Coeliac Disease Research Center, Faculty of Medicine and Health Technology, Tampere University, Tampere, Finland.
Research Programs Unit, Immunobiology, and the Haartman Institute, Department of Molecular Genetics, University of Helsinki, Helsinki, Finland.
J Hum Genet. 2021 Jun;66(6):613-623. doi: 10.1038/s10038-020-00888-5. Epub 2021 Jan 15.
The phenotype of coeliac disease varies considerably for incompletely understood reasons. We investigated whether established coeliac disease susceptibility variants (SNPs) are individually or cumulatively associated with distinct phenotypes. We also tested whether a polygenic risk score (PRS) based on genome-wide associated (GWA) data could explain the phenotypic variation. The phenotypic association of 39 non-HLA coeliac disease SNPs was tested in 625 thoroughly phenotyped coeliac disease patients and 1817 controls. To assess their cumulative effects a weighted genetic risk score (wGRS39) was built, and stratified by tertiles. In our PRS model in cases, we took the summary statistics from the largest GWA study in coeliac disease and tested their association at eight P value thresholds (P) with phenotypes.

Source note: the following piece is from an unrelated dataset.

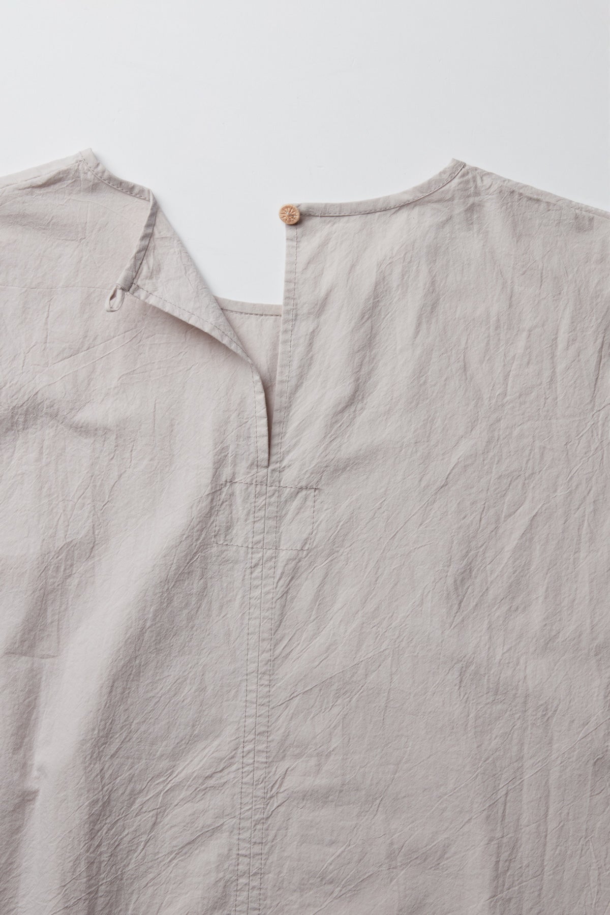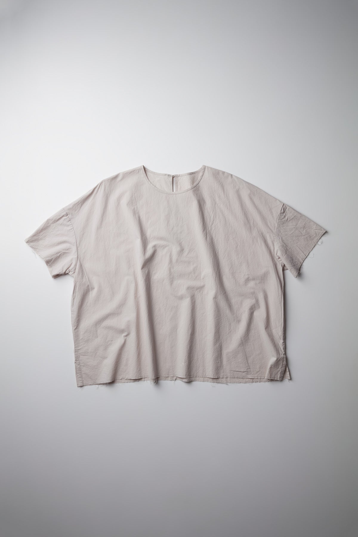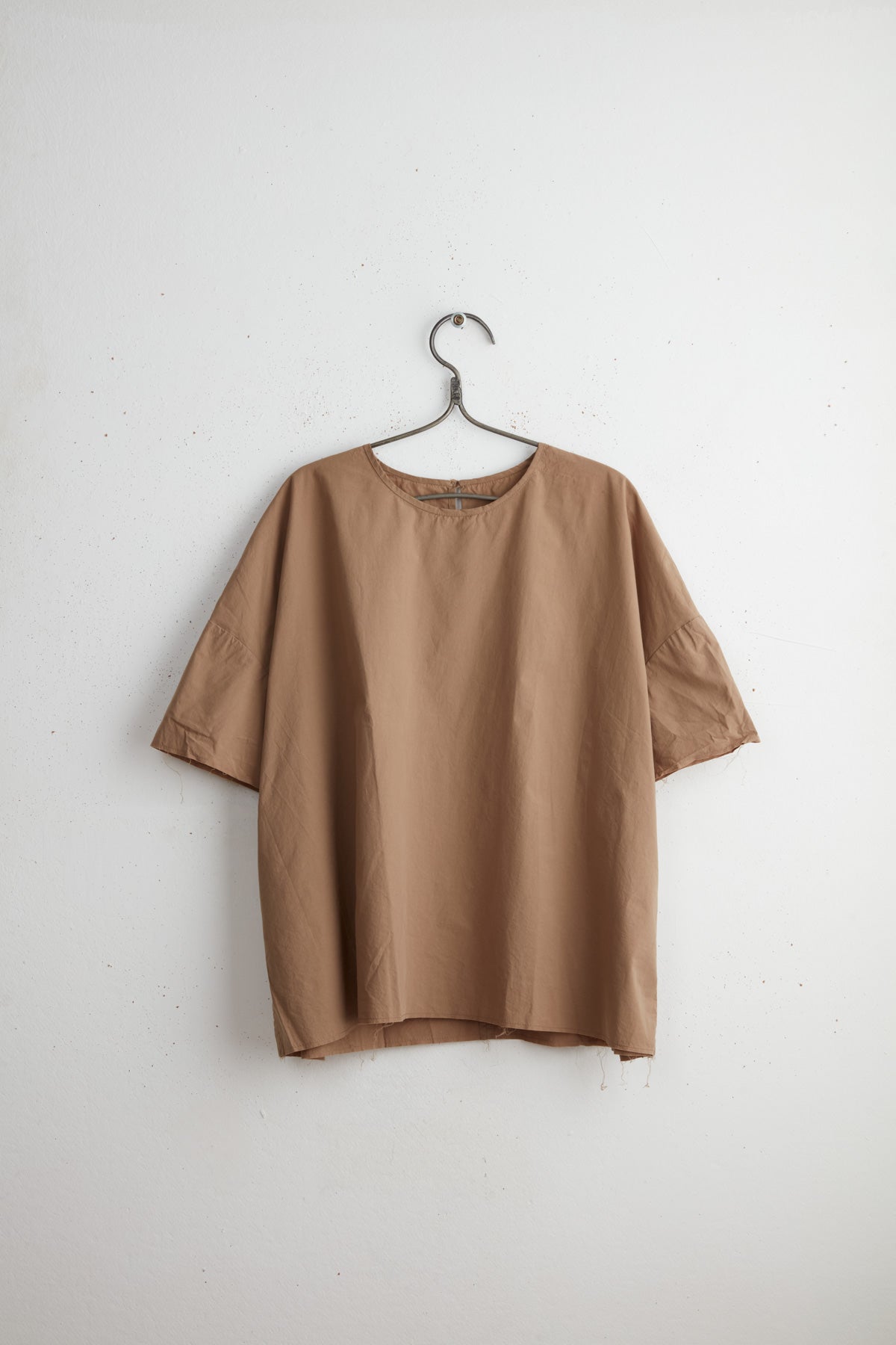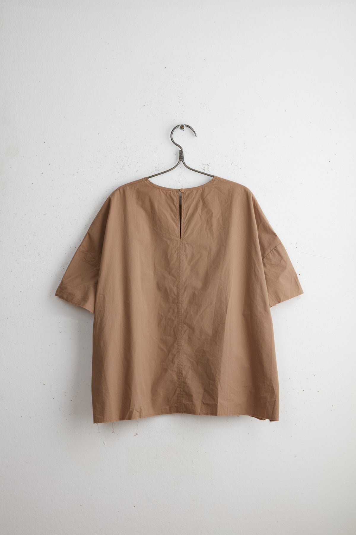 Pollyanna short shirt by Maya Zukerman. The light-weight, flowy silhouette is one of the brand’s signature cuts, now in a short sleeved version. made of 100% Japanese paper cotton, a straight oversized fit with dropped shoulder, crew neck and wrist long sleeves. A raw hem fitting shorter on the front, side slits and a back slit with a hand dyed Dorset button closure.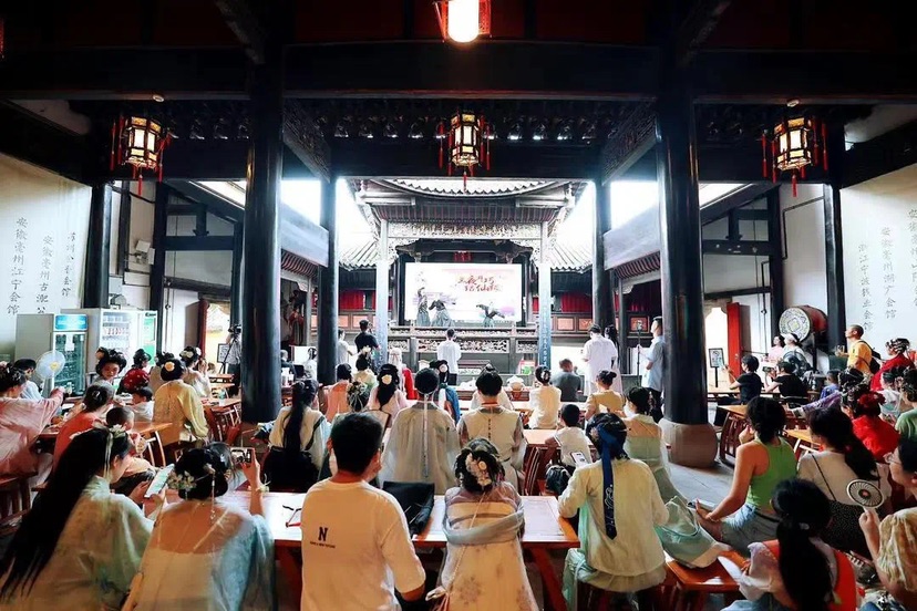 在重庆湖广会馆内,市民、游客们正在观看文艺演出。(重庆市渝中区融媒体中心供图)

Altogether ten SNPs were associated with distinct phenotypes after correction for multiple testing (P ≤ 0.05). The TLR7/TLR8 locus was associated with disease onset before and the SH2B3/ATXN2, ITGA4/UBE2E3 and IL2/IL21 loci after 7 years of age. The latter three loci were associated with a more severe small bowel mucosal damage and SH2B3/ATXN2 with type 1 diabetes. Patients at the highest wGRS39 tertiles had OR > 1.62 for having coeliac disease-related symptoms during childhood, a more severe small bowel mucosal damage, malabsorption and anaemia. PRS was associated only with dermatitis herpetiformis (P = 0.2, P = 0.02). Independent coeliac disease-susceptibility loci are associated with distinct phenotypes, suggesting that genetic factors play a role in determining the disease presentation. Moreover, the increased number of coeliac disease susceptibility SNPs might predispose to a more severe disease course.
由于不完全清楚的原因,乳糜泻的表型存在很大差异。我们研究了已确定的乳糜泻易感性变异(SNP)是否单独或累积与不同的表型相关。我们还测试了基于全基因组关联(GWA)数据的多基因风险评分(PRS)是否可以解释表型变异。在 625 名经过详细表型分析的乳糜泻患者和 1817 名对照中,测试了 39 个非 HLA 乳糜泻 SNP 的表型关联。为了评估它们的累积效应,构建了加权遗传风险评分(wGRS39),并按三分位数分层。在我们的病例 PRS 模型中,我们采用了乳糜泻最大 GWA 研究的汇总统计数据,并在八个 P 值阈值(P)下测试了它们与表型的关联。经过多重检验校正(P≤0.05)后,共有 10 个 SNP 与不同的表型相关。TLR7/TLR8 基因座与疾病发病前相关,SH2B3/ATXN2、ITGA4/UBE2E3 和 IL2/IL21 基因座与 7 岁后相关。后三个基因座与更严重的小肠黏膜损伤相关,SH2B3/ATXN2 与 1 型糖尿病相关。wGRS39 最高三分位数的患者在儿童期发生乳糜泻相关症状、小肠黏膜损伤更严重、吸收不良和贫血的 OR 值>1.62。PRS 仅与疱疹样皮炎相关(P=0.2,P=0.02)。独立的乳糜泻易感性基因座与不同的表型相关,表明遗传因素在决定疾病表现方面发挥作用。此外,增加的乳糜泻易感性 SNP 数量可能会导致更严重的疾病过程。